The United Kingdom and France agreed to recognize the provisional independence of Syria and Mesopotamia. Provisional recognition of Palestinian independence was not mentioned. France had decided to govern Syria directly and took action to enforce the French Mandate of Syria before the terms had been accepted by the Council of the League of Nations. The French intervened militarily at the Battle of Maysalun in June 1920, deposing the indigenous Arab government and removing King Faisal from Damascus in August 1920. In Palestine, the United Kingdom appointed a High Commissioner and established their own mandatory regime. The January-1919 Faisal–Weizmann Agreement was a short-lived agreement for Arab–Jewish cooperation on the development of a Jewish homeland in Palestine, which Faisal had mistakenly understood was to be within the Arab kingdom. Faisal did treat Palestine differently in his presentation to the Peace Conference on 6 February 1919, saying, "Palestine, in consequence of its universal character, be left on one side for the mutual consideration of all parties concerned".
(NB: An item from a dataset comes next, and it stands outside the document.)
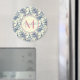 Este ímã redondo pré-filmado apresenta um belo padrão de torre Eiffel parisiense em tons macios de rosa, azul e creme. Personalize o monograma com sua escolha inicial. Divertido para sacos de presentes.

The agreement was never implemented. At the same conference, US Secretary of State Robert Lansing had asked Dr. Weizmann if the Jewish national home meant the establishment of an autonomous Jewish government. The head of the Zionist delegation had replied in the negative. Lansing was a member of the American Commission to Negotiate Peace at Paris in 1919; he said the system of mandates was a device created by the Great Powers to conceal their division of the spoils of war under the colour of international law. If the territories had been ceded directly, the value of the former German and Ottoman territories would have been applied to offset the Allies' claims for war reparations. He also said Jan Smuts had been the author of the original concept.

Hussein's downfall
In 1919, King Hussein had refused to ratify the Treaty of Versailles. After February 1920, the British ceased to pay subsidy to him. In August 1920, five days after the signing of the Treaty of Sèvres, which formally recognized the Kingdom of Hejaz, Curzon asked Cairo to procure Hussein's signature to both treaties and agreed to make a payment of £30,000 conditional on signature. Hussein declined and in 1921, stated that he could not be expected to "affix his name to a document assigning Palestine to the Zionists and Syria to foreigners".

Following the 1921 Cairo Conference, Lawrence was sent to try and obtain the King's signature to a treaty in exchange for a proposed £100,000 annual subsidy; this attempt also failed. During 1923, the British again tried to settle outstanding issues with Hussein; this attempt also failed and Hussein continued refusing to recognize any of the mandates he perceived as being his domain. In March 1924, having briefly considered the possibility of removing the offending article from the treaty, the UK government suspended negotiations and within six months withdrew support in favour of its central Arabian ally Ibn Saud, who proceeded to conquer Hussein's kingdom.

Territorial reservations and Palestine

McMahon's letter to Hussein dated 24 October 1915 declared Britain's willingness to recognize the independence of the Arabs subject to certain exemptions. The original correspondence was conducted in both English and Arabic; slightly differing English translations are extant.

The correspondence was written first in English before being translated to Arabic and vice versa; the identity of the writer and translator is unclear. Kedourie and others assumed the likeliest candidate for primary author is Ronald Storrs. In his memoirs, Storrs said the correspondence was prepared by Husayn Ruhi and then checked by Storrs. The Arab delegations to the 1939 Conference had objected to certain translations of text from Arabic to English and the Committee arranged for mutually agreeable translations that would render the English text "free from actual error".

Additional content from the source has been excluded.